ACTIVITY ->
Copying rule for the data below: take the line containing "投资正在产生回报。模型和数据" and every line after it to the end, exactly, and drop all pictures.

═══ RECORDS SUPPLIED ═══

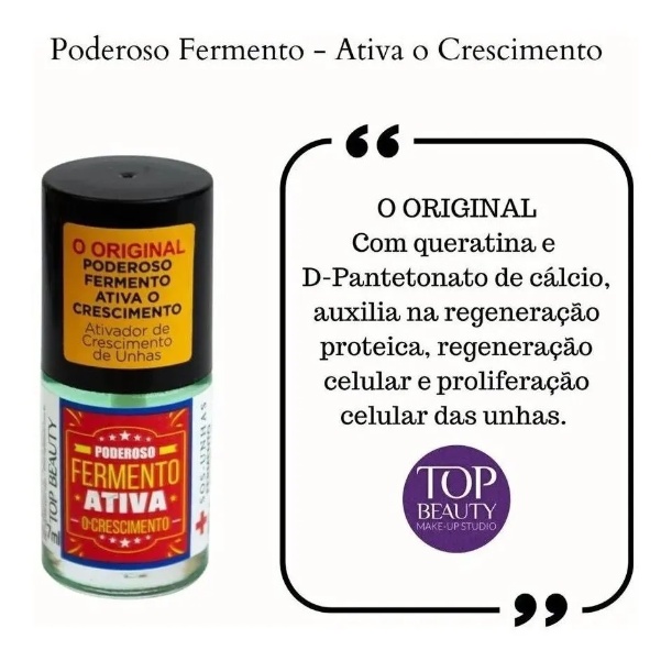 O kit contém 10 unidades Concreto Base Endurecedora com Formol, suas unhas nunca mais irão morrer. Super D-Tone Complexo vitamínico Fortalecedor para Unhas mais frágeis, permite que você recupere a vitalidade de suas unhas e beleza. Poderoso Fermento Ativa o Crescimento Só o Ativador de Crescimento de Unhas Top Beauty, possibilita que suas unhas cresçam de maneira rápida e extremamente saudável. Xi Lascou O Complexo vitamínico Fortalecedor para Unhas Quebradiças da Top Beauty, atua no fortalecimento das suas unhas, garantindo que eles nunca mais quebrem. Cerinha - Hidratante de cutículas e unhas A Top Beauty especializada no ramo de cosméticos, atua no mercado desde 2005 sendo referência em produtos de beleza de extrema qualidade e preço justo. O objetivo de levar a beleza e confiança para a casa das brasileiras proporciona a excelência de seus produtos. A marca Top Beauty contribui para um viés cruelty-free, assim garantimos que os produtos comercializados não são testados em animais. Sendo assim SÓ a Top Beauty proporciona a você, a alta qualidade de seus produtos, aquela make duradoura, arrasadora que destaca sua beleza e cuida da sua pele. Além disso, a marca trás versatilidade podendo ser utilizada tanto no dia-dia quanto em ocasiões mais especiais. Sua durabilidade, marca presença em todas as situações permitindo que você se destaque sempre.
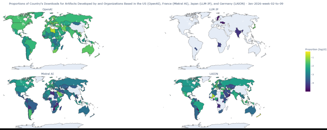 投资正在产生回报。模型和数据集通常在开发地区使用最多,开发者往往选择最能代表其语言、反映类似技术和应用需求的模型。
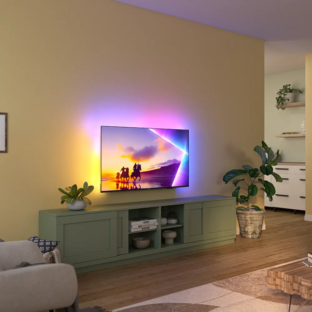 امبیشت در این مدل، طوری تنظیم شده که با محتوای در حال پخش همگام میشود. مثلاً در صحنههای هیجانانگیز، نورها تندتر چشمک میزنند و ضربان قلبتان را بالا میبرند، یا در لحظات آرام، نرم و ملایم میدرخشند تا حس آرامش را دوچندان کنند. فیلیپس این سیستم را به گونهای طراحی کرده که با موسیقی هم هماهنگ شود؛ تصور کنید یک کنسرت زنده را تماشا میکنید و نورها با ریتم درامها میرقصند، اتاق را به یک سالن خصوصی تبدیل میکنند.
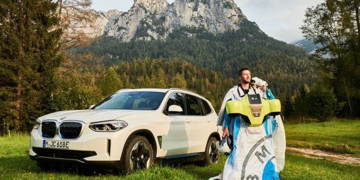 经过在宝马工厂、斯德哥尔摩风洞的细致测试和几次实际跳伞后,是时候公开跳伞了。最初的决定是跳过韩国釜山的三座摩天大楼;然而,由于COVID-19大流行,举办地转移到了奥地利阿尔卑斯山风景更如画的Hohe Tauern山脉。萨尔兹曼和一组穿着普通西装的特技演员从10000英尺的高空跳下直升机。
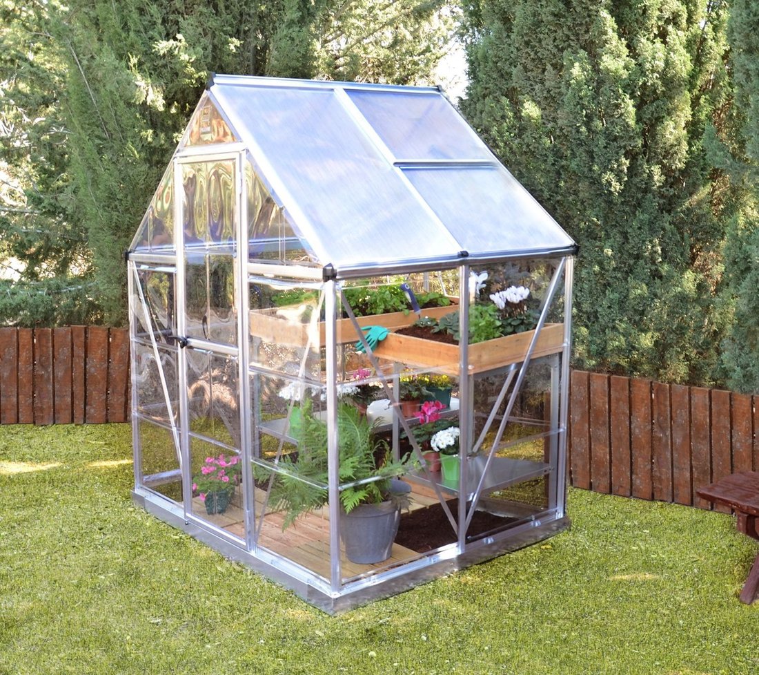 The Palram - Canopia Hybrid 6x4 combines the benefits of both Twin Wall and Single Wall Polycarbonate into one very clever Greenhouse.
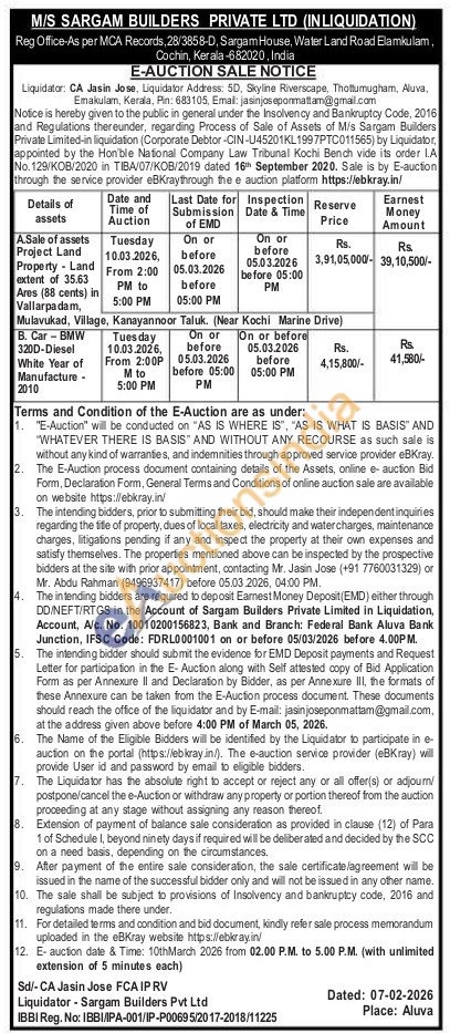 A.Sale of assets Project Land Property - Land extent of 35.63 Ares (88 cents) in Vallarpadam,Mulavukad, Village, Kanayannoor Taluk. (Near Kochi Marine Drive)

═══

ANSWER SPACE ->
 投资正在产生回报。模型和数据集通常在开发地区使用最多,开发者往往选择最能代表其语言、反映类似技术和应用需求的模型。
 امبیشت در این مدل، طوری تنظیم شده که با محتوای در حال پخش همگام میشود. مثلاً در صحنههای هیجانانگیز، نورها تندتر چشمک میزنند و ضربان قلبتان را بالا میبرند، یا در لحظات آرام، نرم و ملایم میدرخشند تا حس آرامش را دوچندان کنند. فیلیپس این سیستم را به گونهای طراحی کرده که با موسیقی هم هماهنگ شود؛ تصور کنید یک کنسرت زنده را تماشا میکنید و نورها با ریتم درامها میرقصند، اتاق را به یک سالن خصوصی تبدیل میکنند.
 经过在宝马工厂、斯德哥尔摩风洞的细致测试和几次实际跳伞后,是时候公开跳伞了。最初的决定是跳过韩国釜山的三座摩天大楼;然而,由于COVID-19大流行,举办地转移到了奥地利阿尔卑斯山风景更如画的Hohe Tauern山脉。萨尔兹曼和一组穿着普通西装的特技演员从10000英尺的高空跳下直升机。
 The Palram - Canopia Hybrid 6x4 combines the benefits of both Twin Wall and Single Wall Polycarbonate into one very clever Greenhouse.
 A.Sale of assets Project Land Property - Land extent of 35.63 Ares (88 cents) in Vallarpadam,Mulavukad, Village, Kanayannoor Taluk. (Near Kochi Marine Drive)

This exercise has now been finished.